• [Goal of the exercise]: Below are entries; output exactly the lines from the one with "스테인레스 스틸 알루미늄" to the one with "known deserved brands.", both included, and nothing else.

• [Data supplied]:
○ ○ ○ ○ ○ ○ ○
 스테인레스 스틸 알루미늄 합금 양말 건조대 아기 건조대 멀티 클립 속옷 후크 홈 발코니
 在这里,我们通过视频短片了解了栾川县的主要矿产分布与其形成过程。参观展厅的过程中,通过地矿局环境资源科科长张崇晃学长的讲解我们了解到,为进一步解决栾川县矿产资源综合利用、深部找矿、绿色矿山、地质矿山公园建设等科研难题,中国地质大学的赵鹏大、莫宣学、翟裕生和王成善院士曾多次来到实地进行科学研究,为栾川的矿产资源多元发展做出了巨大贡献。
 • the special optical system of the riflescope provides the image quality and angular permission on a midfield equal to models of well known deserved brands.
○ ○ ○ ○ ○ ○ ○
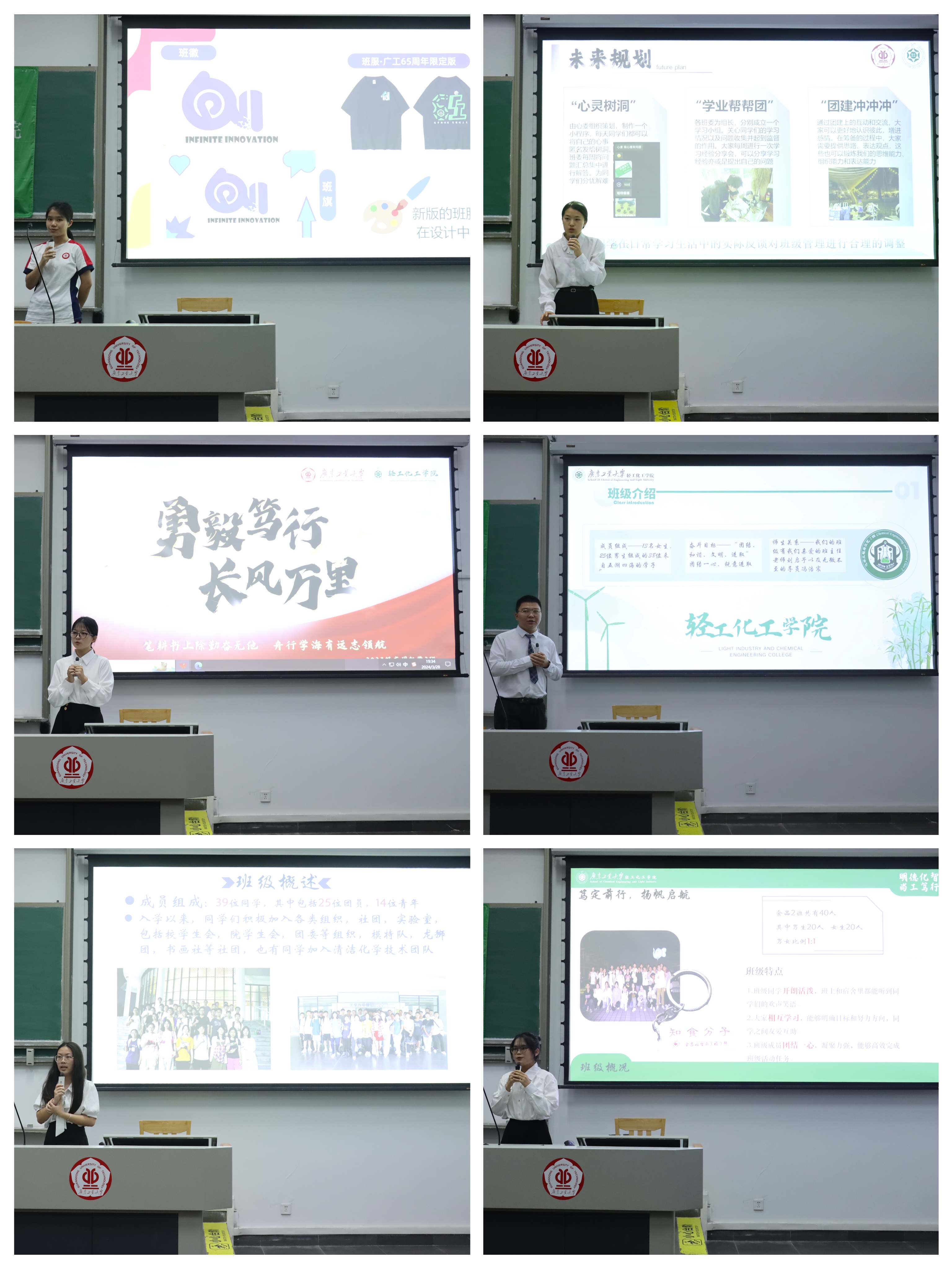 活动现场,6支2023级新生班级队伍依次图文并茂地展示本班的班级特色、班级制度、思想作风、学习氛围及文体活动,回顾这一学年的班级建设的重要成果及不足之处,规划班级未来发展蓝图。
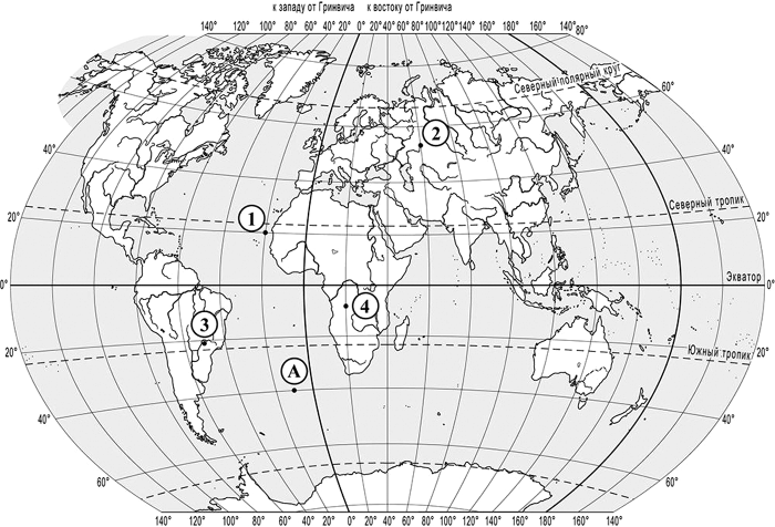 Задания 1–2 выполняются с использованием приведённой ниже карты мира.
○ ○ ○ ○ ○ ○ ○
• [Solution]:
 스테인레스 스틸 알루미늄 합금 양말 건조대 아기 건조대 멀티 클립 속옷 후크 홈 발코니
 在这里,我们通过视频短片了解了栾川县的主要矿产分布与其形成过程。参观展厅的过程中,通过地矿局环境资源科科长张崇晃学长的讲解我们了解到,为进一步解决栾川县矿产资源综合利用、深部找矿、绿色矿山、地质矿山公园建设等科研难题,中国地质大学的赵鹏大、莫宣学、翟裕生和王成善院士曾多次来到实地进行科学研究,为栾川的矿产资源多元发展做出了巨大贡献。
 • the special optical system of the riflescope provides the image quality and angular permission on a midfield equal to models of well known deserved brands.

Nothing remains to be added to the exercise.